If your interest in the modern vampire is waning, diluted by the lack of true scares and mystery in the modern TWILIGHT-style interpretations, maybe you just need to take a trip into the past. Called “deliciously macabre” by BOOKLIST, DESCENT INTO DUST (Avon A; softcover; $13.99) is the recently released first novel in the Emma Andrews vampire slayer series, a bloodsucker tale set in the mid-1800s, steeped in the foreboding shadows of looming castles and foggy moors.

“I like the era because it’s inherently spooky,” the book’s author, Jacqueline Lepore, tells Fango. “It’s the last bastion before the modern era…when superstitions and legends still existed as cultural truths for so many people.”

The story of DESCENT INTO DUST, which hit shelves this past Tuesday, revolves around a young widow named Emma Andrews who arrives at her cousin’s countryside manor during the time of a mysterious plague. Meanwhile, Emma begins to see ghosts roaming the grounds, and her family begins to worry she is losing her mind, just as her mother did at her age. What starts as a mystery novel eventually transforms into Emma’s acceptance of her own destiny—that of a vampire hunter. Plus a guy named Dracula shows up as further spice in this Victorian page turner.

“The concept of how women lived in the past has long been a source of fascination for me,” says Lepore. “I’ve often thought (or rather dreaded) what it would be like for someone like me, who has been able to work both in my profession as a psychologist and as a fiction writer, to have lived in the past when those kinds of opportunities would not have been available to me. So with Emma, here’s a woman who HAS to act like a man to take charge.

“In many ways she is a modern woman, true—and while we look at her as a hero, in her world she’s an oddball, an intellectual, a misfit. And that conflict is part of what makes her struggle so interesting. That and nasty, nasty vampires.”
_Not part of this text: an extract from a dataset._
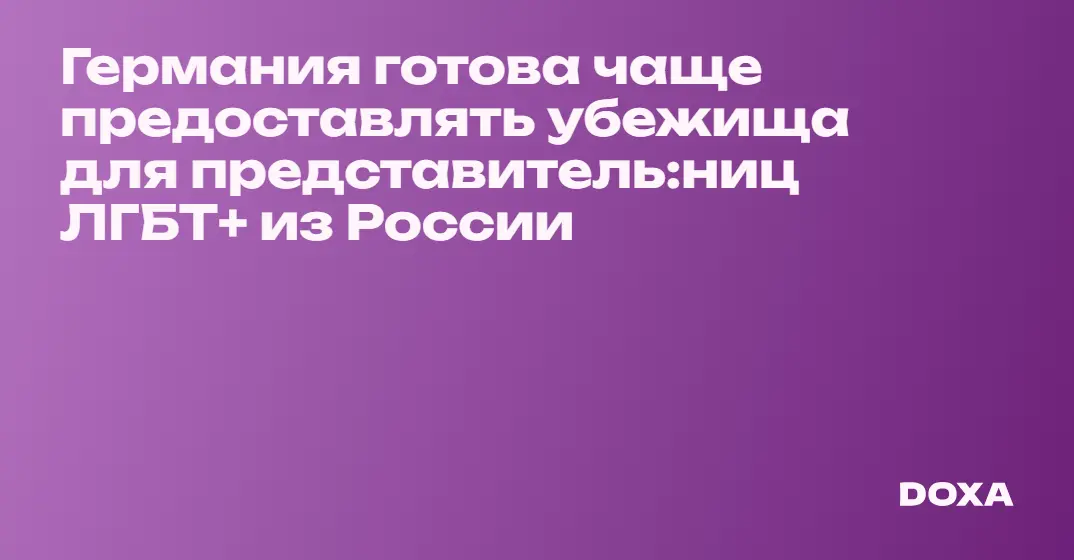 Правительство Германии будет чаще предоставлять убежища для представитель:ниц ЛГБТ+ из России из-за возросшего риска политического преследования после принятие недавнего репрессивного закона. Факт принадлежности к ЛГБТ+ будет активнее учитываться в процессе рассмотрения ходатайств, заявил представитель министерства юстиции ФРГ Максимилиан Калль. При этом процесс попадания в Германию все еще остается сложным в связи с отсутствием авиасообщения и резкого ограничения выдачи шенгенских виз.

And the creatures in DESCENT INTO DUST are nasty, harkening back to the early days of vampire fiction, when these fanged fiends were far more interested in biting your neck than kissing it. “It has all the old style trappings—stakes, salt, garlic, coffins…it is different from other series’ that have innovated the rules away from the old world prescriptions.” In a genre that has ballooned out of proportion, it is a great comfort to read a book that tries to return the vampire mythology back to its roots. However, Lepore’s original intent for the potential franchise was far different.

“I always wanted this to be a series,” the author says. “The concept was, however, to have this as a Victorian/Agatha Christie style mystery series.” But as the concept began to develop, so did a massive change in direction. “I always loved supernatural books and movies and once I made the leap to using supernatural beings and forces and all of that, the ideas really started to flow. That’s how I knew I was onto something good.”

Apparently critics agree, as DESCENT INTO DUST has received great reviews since debuting, prompting the question of what’s next for Lepore. “I’m concentrating on the Emma Andrews series,” she says. “THE CYPRIAN QUEEN is due out next year, and I am currently working on THE DARK WALTZ, the third installment.”